Four other climbers perished that night. Most of Weathers’ fellow hikers assumed he was doomed, too, since his skin was frostbitten as hard as “porcelain” and the storm that evening precluded moving him.
However, something inside Weathers refused to give up or give in. As he recounts, “Somehow I regained consciousness — I don’t understand how — and was jolted to my senses, as well as to my feet, by a vision powerful enough to rewire my mind. I am neither churchly nor a particularly spiritual person, but I can tell you that some force within me rejected death at the last moment and then guided me, blind and stumbling — quite literally a dead man walking — into camp and the shaky start of my return to life.”
What matters is how you respond to life
Extreme athletes push themselves to the brink. Sometimes, life can push the rest of us to the edge too. But that’s very often where we can discover untapped reservoirs of ingenuity, grit and inner-strength. If we hang tough, then we often encounter moments of grace mixed in with the chaos and adversity.
Thoughts like that were on my mind when I reached out to someone I thought could tie this article together in a really insightful way. Coach Fred is a cancer survivor, an inspirational speaker and a devoted family man. He has battled terminal illness but also pursued epic adventurers like heli-skiing “at the top of the world” along the way. He’s a self-described ordinary guy who has accumulated some extraordinary wisdom as he’s wrestled with more than his share of adversity.

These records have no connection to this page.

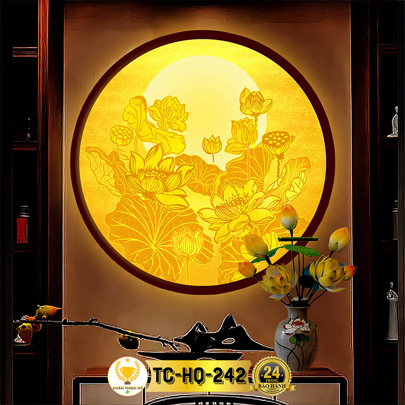 Hào Quang Phật Hoa Sen Mặt Trời In Tranh Trúc Chỉ CHÂN THIỆN MỸ, Trang Trí Bàn Thờ Gia Tiên, Treo Tượng Phật TC-HQ-242
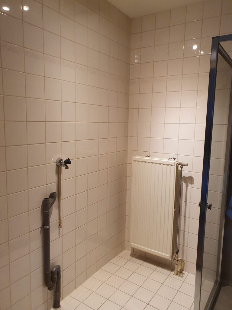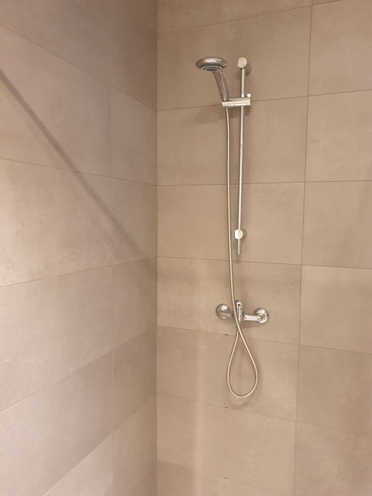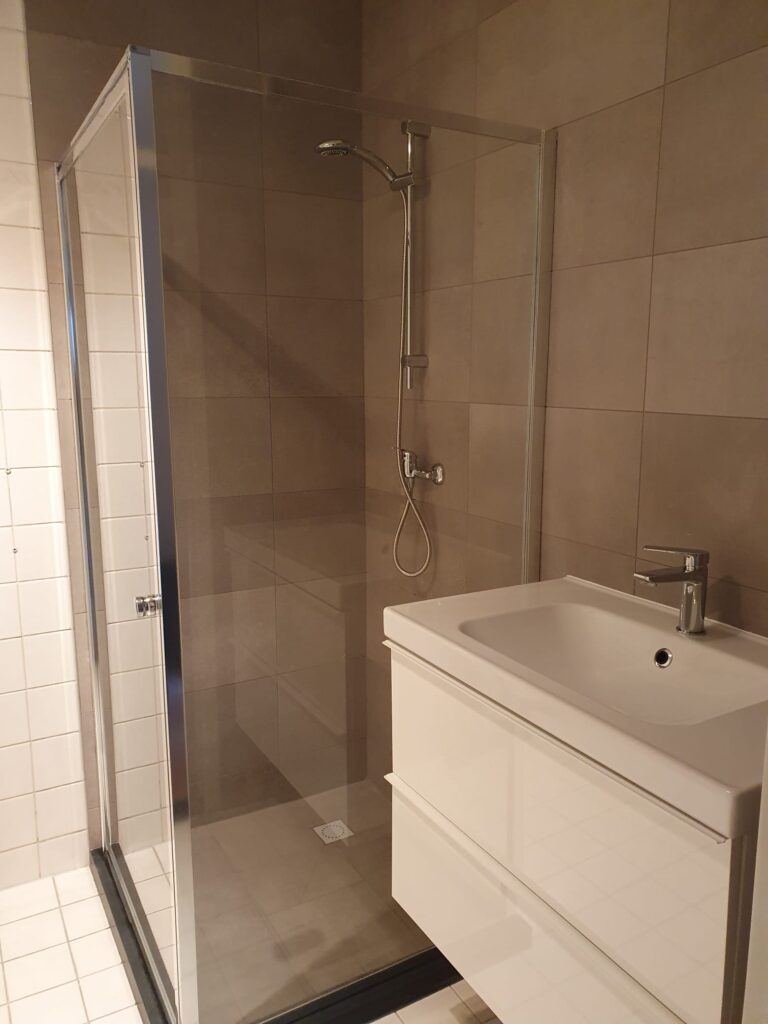 Middels de hal zijn de slaapkamer en de badkamer bereikbaar. De badkamer is in 2023 grotendeels vernieuwd en beschikt over een inloopdouche en wastafel met meubel.
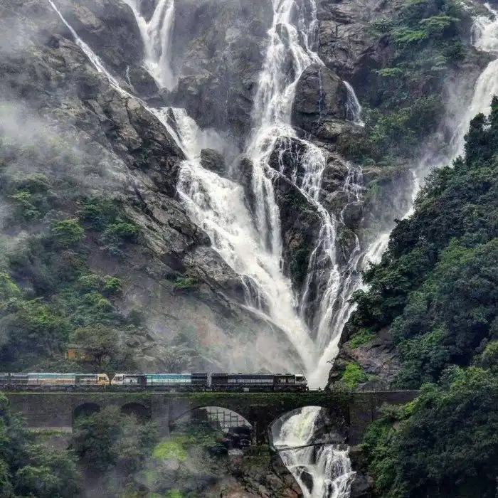 Железная дорога пересекает водопад Дудхсагар в Гоа, Индия
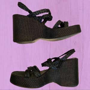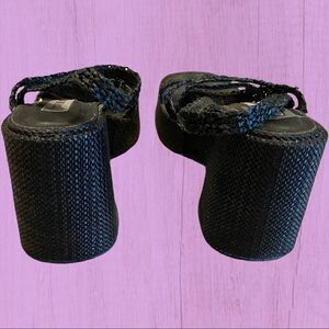 Amazing 90s Steve Madden chunky platforms! Black woven material, chunky platform 3.5” heel with square toe. There is no size on them but they are a size 7. 9.5” sole length. They’re in great used condition, and still ready to rock!

In a phone interview, I asked Fred about the qualities people need to surmount immense challenges. He mentioned that “attitude is everything and the only thing.” We can’t always master events or what happens to us, but “the one thing we can control is our attitude.” As he elaborates, “It isn’t what happens to you in life — it’s about how you respond to what happens to you” that matters most.
Fred honed in on many of the characteristics that allow epic adventurers and ordinary people to overcome extreme adversity. These individuals seem to find a “greater why” that becomes the guiding compass in their lives. They also have an outlook where every apparent stumbling block becomes a potential springboard to their goals. After all, as Fred observes, “If we only focus on the obstacles, we’ll miss the opportunities.”
“Keep Showing Up” is the name of the book Fred is working on. The title captures another quality that’s key to coping with adversity — simply showing up and giving it our best every single day to accomplish some meaningful and worthy aim. Extreme athletes make an impact keep because they put their hearts and souls into accomplishing a meaningful objective each and every day. That’s a lesson we can all apply to our lives.